* _Work instruction_: Pictures are to be dropped from the copy. Retype the listing exactly.

════════════════════

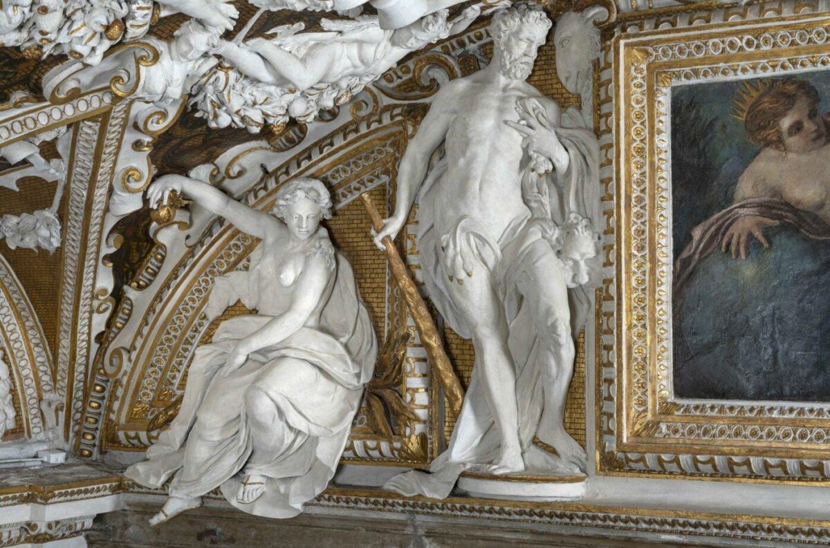 In particolare, i lavori sul sontuoso soffitto hanno interessato sia la parte strutturale, sia i dipinti murali e gli stucchi, i portali e le finestre lapidei, i gruppi scultorei e le tele dipinte a monocromo. La mappatura dello stato di conservazione, ispezioni e una campagna di analisi hanno consentito di individuare strati aggiunti alla pellicola pittorica originale.
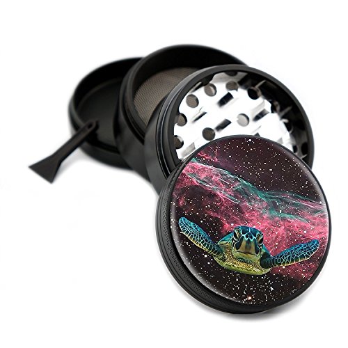 Space Turtle Herb Grinder 4 Piece Premium Black Aluminum Metal Grinders 2.5" 63mm - Easily Grind Herbs and Spices! Green Turtles - Gift Box
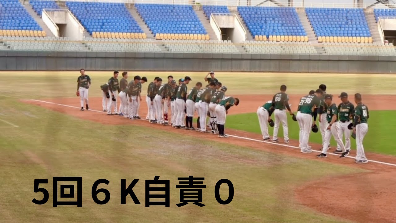 はい、今回も美との試合に登板しました。 え、3試合連続ですかね。はい。え、 ダブル先発であるんですけど、5回、え、 も決まっていたので、 え、結果的には、え、5回で、え、自績は 0だったので良かったと思います。 え、ブルペンであんまり調子が良くなかっ たんですけど、え、投球練習でしっかり 修正することができました。 え、初回の戦闘三振取って、え、2番 バッター、え、ライトフライだったんです けど、太陽が被ぶってしまって、え、 ランナーは3塁にきました。で、記録は ヒットでワンアウト3塁です。 で、ここはピンチだったので、え、慎重に 行きながら左バッターだったので、 曲がり玉で三振取ることができました。 ここで 2アウト目を三振取るなら大きかったなと 思います。 2アウト3塁、え、上位打線になるんです けど、え、まっすぐで、え、ファースト ファールフライで3アウト。ここで点を 取らえなかったのは良かったなと思います 。 そして2回、え、強いだけ打たれるんです けど、え、サードが止めてくれて、え、 ナイスプレで、え、ワンアウト。 で、こうレフトフライ。え、まっすぐです かね。ツアと 全体的に早めのカウントで打ってくれたの で、え、この回は3者本体で、スリアと 取ることができました。 で、3回裏いい形で追い込んで、え、 ピッチャーゴールでワンアウト。 で、ここ9番バッターだったんですけど、 え、まっすぐ打たれてレフトマイヒット でワンアウト1塁になります。 で、ここゲツコースだったんですけど、え 、ショートの早急エラーで 、え、早急が転がってしまって、そのまま 1塁ランナーがホームに帰ってきます。で 、打ったバッターは3塁まで行って、ワン アウトランナー3塁ですね。 で、次のバッターはフォアボールであと1 3塁 でこの統塁はされるんですけど 追い込むことが優先だったので、え、2 ストライクですね。 そしてストレートがギリギリ、え、 ストライク取ってくれて三振。ここも三振 で2アウト目を取れたのは大きかったなと 思います。 で、2アウトランナー23、3塁で 追い込んでカットボールをしっかり三振に 行って、ここハウスインド を、え、ストライク取ってくれてツリ アート。 そして4回裏。え、このバッターには結構 いいだけ打たれてたんですけど、え、高め 中心に攻めてってセンターフライでワン。 そして次のバッターをカットで、え、 空振り三振。え、前回 カットボールがあんまりストライク入って なかったんですけど、この日は、え、いい 感じに取れたので良かったです。 で、2アウトからこれ外も真っすぐですか ね。え、2ベースで2アウト2塁になり ます。ここから買線になっていくので、え 、落ち着いて 対処できたのが良かったです。 ストライク追い込んで、え、フォークです ね。これ空振り三振で3アウトで、三振を 多く取れたのが今回良かったなと思います 。 そして5回裏。 え、これ9番バッターですね。ヒット打た れたバッターですけど、レフトフライで ワンアウト。 で、次のバッターはカットですかね。 これショートフライで2アウト。 そしてセンターマイヒット、え、2アウト ランナー1塁 でこのバッターに対してちょっとセカンド が後ろに下がってこうシフトを敷いていた のでちょっと弱いだけになっちゃってない アンダー でランナーが3塁に済んだので2アウト3 で、ここはレフトフライで3 アウトでここで、え、交代になりました。ま、全体的には良かったかなと思います。 いただ
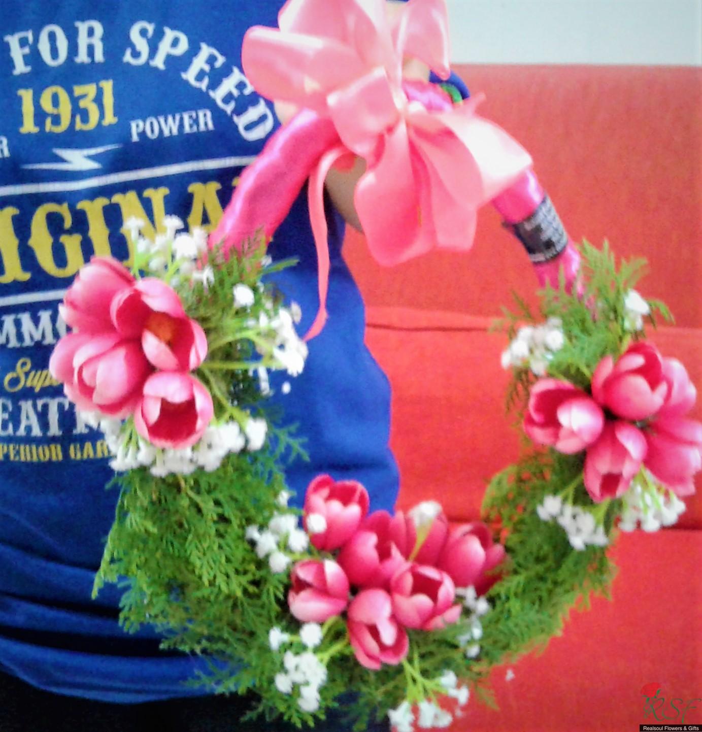 WDHWR107- Lovely wedding hoop/ hand wreath made from both natural & artificial materials/gelung tangan pengantin dari bahan asli & tiruan- SHIP TO MALAYSIA & WORLDWIDE
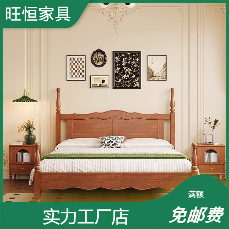 全実木床オークレトロ黒1.2メートル1.8メートルダブルベッドアメリカ式北欧シンプル現代家庭用
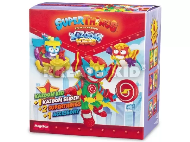 A SuperThings egy népszerű animációs sorozat, amelyben mindennapi tárgyak kelnek életre és válnak szuperhősökké vagy épp gonosztevőkké. A kis akcióhősök kalandjai Kazoom Cityben játszódnak, ahol az összecsapások során sokszor célravezetőbb, ha nem egyedül, hanem csapatban szállnak szembe az ellenféllel. Az pedig már csak hab a tortán, ha egy csúszka is a rendelkezésükre áll ehhez!
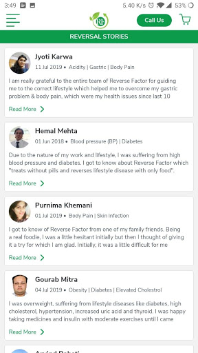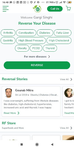 We all are aware that every family has at least one person suffering from lifestyle diseases (eg. Diabetes, Hypertension, heart disease, joint pain, asthma, overweight) which are absolutely reversible and preventable. Around 68% deaths in India are because of lifestyle related diseases, which are completely diet and lifestyle related. By downloading the application, people will be empowered and made aware that how by eating right food, we can reverse disease. We would like to help people take absolute control over their health, whether it is losing kgs or preventing and reversing lifestyle diseases.
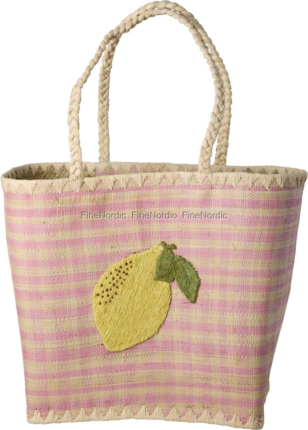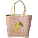 Rice Raffiaväska - Citronbroderi - Rosa - Stor
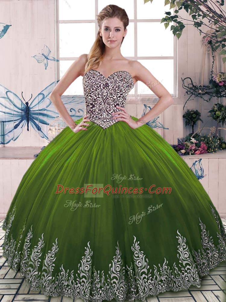 New Style Olive Green Sweetheart Neckline Beading and Embroidery 15 Quinceanera Dress Sleeveless Lace Up
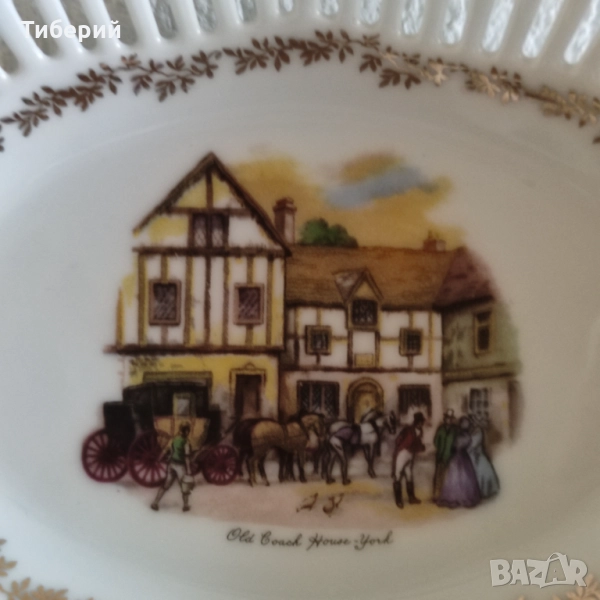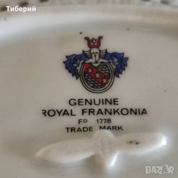 Винтидж ажурна порцеланова бонбониера " Genuine Royal Frankonia" - Старата къща- Германия, със златен венец и кант, като нова, без следи от употреба. Размери-20.5/13 см. По Еконт с 10% отстъпка.

════════════════════

* _Solution for this exercise_:
 In particolare, i lavori sul sontuoso soffitto hanno interessato sia la parte strutturale, sia i dipinti murali e gli stucchi, i portali e le finestre lapidei, i gruppi scultorei e le tele dipinte a monocromo. La mappatura dello stato di conservazione, ispezioni e una campagna di analisi hanno consentito di individuare strati aggiunti alla pellicola pittorica originale.
 Space Turtle Herb Grinder 4 Piece Premium Black Aluminum Metal Grinders 2.5" 63mm - Easily Grind Herbs and Spices! Green Turtles - Gift Box
 はい、今回も美との試合に登板しました。 え、3試合連続ですかね。はい。え、 ダブル先発であるんですけど、5回、え、 も決まっていたので、 え、結果的には、え、5回で、え、自績は 0だったので良かったと思います。 え、ブルペンであんまり調子が良くなかっ たんですけど、え、投球練習でしっかり 修正することができました。 え、初回の戦闘三振取って、え、2番 バッター、え、ライトフライだったんです けど、太陽が被ぶってしまって、え、 ランナーは3塁にきました。で、記録は ヒットでワンアウト3塁です。 で、ここはピンチだったので、え、慎重に 行きながら左バッターだったので、 曲がり玉で三振取ることができました。 ここで 2アウト目を三振取るなら大きかったなと 思います。 2アウト3塁、え、上位打線になるんです けど、え、まっすぐで、え、ファースト ファールフライで3アウト。ここで点を 取らえなかったのは良かったなと思います 。 そして2回、え、強いだけ打たれるんです けど、え、サードが止めてくれて、え、 ナイスプレで、え、ワンアウト。 で、こうレフトフライ。え、まっすぐです かね。ツアと 全体的に早めのカウントで打ってくれたの で、え、この回は3者本体で、スリアと 取ることができました。 で、3回裏いい形で追い込んで、え、 ピッチャーゴールでワンアウト。 で、ここ9番バッターだったんですけど、 え、まっすぐ打たれてレフトマイヒット でワンアウト1塁になります。 で、ここゲツコースだったんですけど、え 、ショートの早急エラーで 、え、早急が転がってしまって、そのまま 1塁ランナーがホームに帰ってきます。で 、打ったバッターは3塁まで行って、ワン アウトランナー3塁ですね。 で、次のバッターはフォアボールであと1 3塁 でこの統塁はされるんですけど 追い込むことが優先だったので、え、2 ストライクですね。 そしてストレートがギリギリ、え、 ストライク取ってくれて三振。ここも三振 で2アウト目を取れたのは大きかったなと 思います。 で、2アウトランナー23、3塁で 追い込んでカットボールをしっかり三振に 行って、ここハウスインド を、え、ストライク取ってくれてツリ アート。 そして4回裏。え、このバッターには結構 いいだけ打たれてたんですけど、え、高め 中心に攻めてってセンターフライでワン。 そして次のバッターをカットで、え、 空振り三振。え、前回 カットボールがあんまりストライク入って なかったんですけど、この日は、え、いい 感じに取れたので良かったです。 で、2アウトからこれ外も真っすぐですか ね。え、2ベースで2アウト2塁になり ます。ここから買線になっていくので、え 、落ち着いて 対処できたのが良かったです。 ストライク追い込んで、え、フォークです ね。これ空振り三振で3アウトで、三振を 多く取れたのが今回良かったなと思います 。 そして5回裏。 え、これ9番バッターですね。ヒット打た れたバッターですけど、レフトフライで ワンアウト。 で、次のバッターはカットですかね。 これショートフライで2アウト。 そしてセンターマイヒット、え、2アウト ランナー1塁 でこのバッターに対してちょっとセカンド が後ろに下がってこうシフトを敷いていた のでちょっと弱いだけになっちゃってない アンダー でランナーが3塁に済んだので2アウト3 で、ここはレフトフライで3 アウトでここで、え、交代になりました。ま、全体的には良かったかなと思います。 いただ
 WDHWR107- Lovely wedding hoop/ hand wreath made from both natural & artificial materials/gelung tangan pengantin dari bahan asli & tiruan- SHIP TO MALAYSIA & WORLDWIDE
 全実木床オークレトロ黒1.2メートル1.8メートルダブルベッドアメリカ式北欧シンプル現代家庭用
 A SuperThings egy népszerű animációs sorozat, amelyben mindennapi tárgyak kelnek életre és válnak szuperhősökké vagy épp gonosztevőkké. A kis akcióhősök kalandjai Kazoom Cityben játszódnak, ahol az összecsapások során sokszor célravezetőbb, ha nem egyedül, hanem csapatban szállnak szembe az ellenféllel. Az pedig már csak hab a tortán, ha egy csúszka is a rendelkezésükre áll ehhez!
 We all are aware that every family has at least one person suffering from lifestyle diseases (eg. Diabetes, Hypertension, heart disease, joint pain, asthma, overweight) which are absolutely reversible and preventable. Around 68% deaths in India are because of lifestyle related diseases, which are completely diet and lifestyle related. By downloading the application, people will be empowered and made aware that how by eating right food, we can reverse disease. We would like to help people take absolute control over their health, whether it is losing kgs or preventing and reversing lifestyle diseases.
 Rice Raffiaväska - Citronbroderi - Rosa - Stor
 New Style Olive Green Sweetheart Neckline Beading and Embroidery 15 Quinceanera Dress Sleeveless Lace Up
 Винтидж ажурна порцеланова бонбониера " Genuine Royal Frankonia" - Старата къща- Германия, със златен венец и кант, като нова, без следи от употреба. Размери-20.5/13 см. По Еконт с 10% отстъпка.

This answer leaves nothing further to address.